======== SOURCE MATERIAL ========

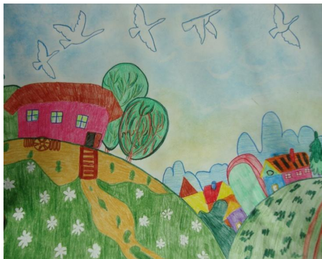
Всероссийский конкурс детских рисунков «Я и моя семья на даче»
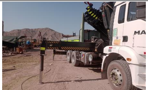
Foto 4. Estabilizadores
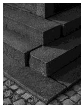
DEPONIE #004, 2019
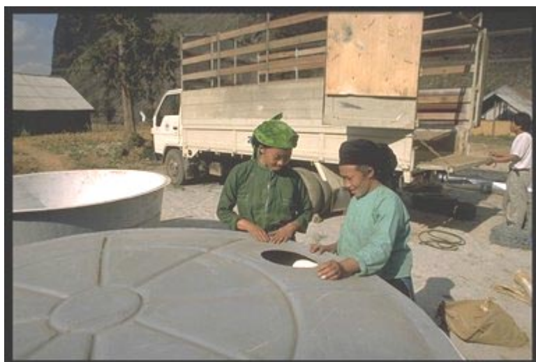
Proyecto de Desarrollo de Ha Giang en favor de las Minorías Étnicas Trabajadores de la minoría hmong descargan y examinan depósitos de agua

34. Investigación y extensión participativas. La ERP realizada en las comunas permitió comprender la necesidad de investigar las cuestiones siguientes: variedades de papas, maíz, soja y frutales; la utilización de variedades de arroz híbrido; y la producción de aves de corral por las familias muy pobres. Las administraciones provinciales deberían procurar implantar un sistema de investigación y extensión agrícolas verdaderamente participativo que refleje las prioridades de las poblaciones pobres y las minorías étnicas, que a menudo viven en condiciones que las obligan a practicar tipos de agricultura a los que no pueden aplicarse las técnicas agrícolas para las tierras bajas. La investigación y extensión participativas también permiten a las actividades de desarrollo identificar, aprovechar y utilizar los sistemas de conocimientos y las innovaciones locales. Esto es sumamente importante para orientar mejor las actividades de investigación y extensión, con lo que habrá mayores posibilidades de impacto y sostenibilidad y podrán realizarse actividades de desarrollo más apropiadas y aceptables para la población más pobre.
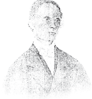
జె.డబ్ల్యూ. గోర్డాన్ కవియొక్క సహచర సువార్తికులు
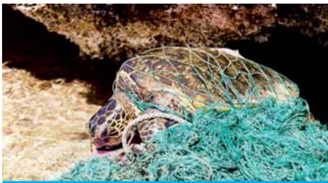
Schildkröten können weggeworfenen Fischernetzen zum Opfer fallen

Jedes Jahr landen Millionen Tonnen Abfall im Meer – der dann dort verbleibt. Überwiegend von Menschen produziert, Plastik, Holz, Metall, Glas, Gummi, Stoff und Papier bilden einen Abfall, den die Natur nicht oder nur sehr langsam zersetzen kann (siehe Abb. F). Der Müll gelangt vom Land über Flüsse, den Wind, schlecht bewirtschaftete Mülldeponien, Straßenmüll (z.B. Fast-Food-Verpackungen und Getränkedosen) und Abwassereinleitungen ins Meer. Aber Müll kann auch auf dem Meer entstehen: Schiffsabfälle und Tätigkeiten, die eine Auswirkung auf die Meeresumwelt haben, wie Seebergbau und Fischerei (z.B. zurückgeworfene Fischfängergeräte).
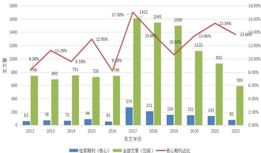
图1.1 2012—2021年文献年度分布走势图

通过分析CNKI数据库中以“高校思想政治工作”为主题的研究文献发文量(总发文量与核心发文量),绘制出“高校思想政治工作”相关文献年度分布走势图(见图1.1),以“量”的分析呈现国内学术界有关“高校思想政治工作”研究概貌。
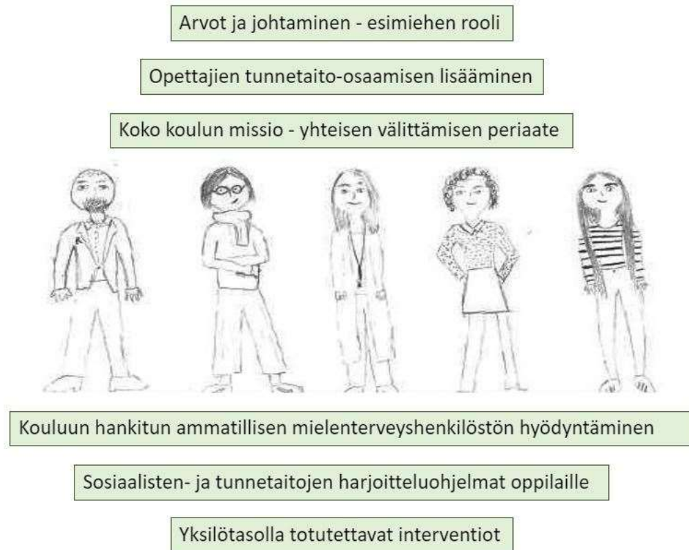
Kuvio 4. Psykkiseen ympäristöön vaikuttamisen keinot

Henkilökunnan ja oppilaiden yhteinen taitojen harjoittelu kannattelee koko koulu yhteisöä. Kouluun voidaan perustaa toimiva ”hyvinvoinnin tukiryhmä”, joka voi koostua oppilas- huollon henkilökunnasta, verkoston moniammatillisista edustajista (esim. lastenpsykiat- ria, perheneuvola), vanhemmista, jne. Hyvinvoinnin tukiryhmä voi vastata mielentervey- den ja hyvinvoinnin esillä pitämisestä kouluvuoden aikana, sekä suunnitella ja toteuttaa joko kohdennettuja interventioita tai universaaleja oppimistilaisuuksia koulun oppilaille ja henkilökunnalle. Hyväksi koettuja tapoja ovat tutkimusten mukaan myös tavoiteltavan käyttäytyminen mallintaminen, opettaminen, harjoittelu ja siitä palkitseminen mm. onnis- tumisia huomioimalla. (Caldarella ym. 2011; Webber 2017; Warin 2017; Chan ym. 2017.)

========

**EXERCISE OBJECTIVE**.
In the entries above, which lines run from the one with "34. Investigación y" up to and including the one with "Schildkröten können weggeworfenen"? Write them out exactly, without the pictures.

**SOLUTION TO THE PROBLEM**.
34. Investigación y extensión participativas. La ERP realizada en las comunas permitió comprender la necesidad de investigar las cuestiones siguientes: variedades de papas, maíz, soja y frutales; la utilización de variedades de arroz híbrido; y la producción de aves de corral por las familias muy pobres. Las administraciones provinciales deberían procurar implantar un sistema de investigación y extensión agrícolas verdaderamente participativo que refleje las prioridades de las poblaciones pobres y las minorías étnicas, que a menudo viven en condiciones que las obligan a practicar tipos de agricultura a los que no pueden aplicarse las técnicas agrícolas para las tierras bajas. La investigación y extensión participativas también permiten a las actividades de desarrollo identificar, aprovechar y utilizar los sistemas de conocimientos y las innovaciones locales. Esto es sumamente importante para orientar mejor las actividades de investigación y extensión, con lo que habrá mayores posibilidades de impacto y sostenibilidad y podrán realizarse actividades de desarrollo más apropiadas y aceptables para la población más pobre.
జె.డబ్ల్యూ. గోర్డాన్ కవియొక్క సహచర సువార్తికులు
Schildkröten können weggeworfenen Fischernetzen zum Opfer fallen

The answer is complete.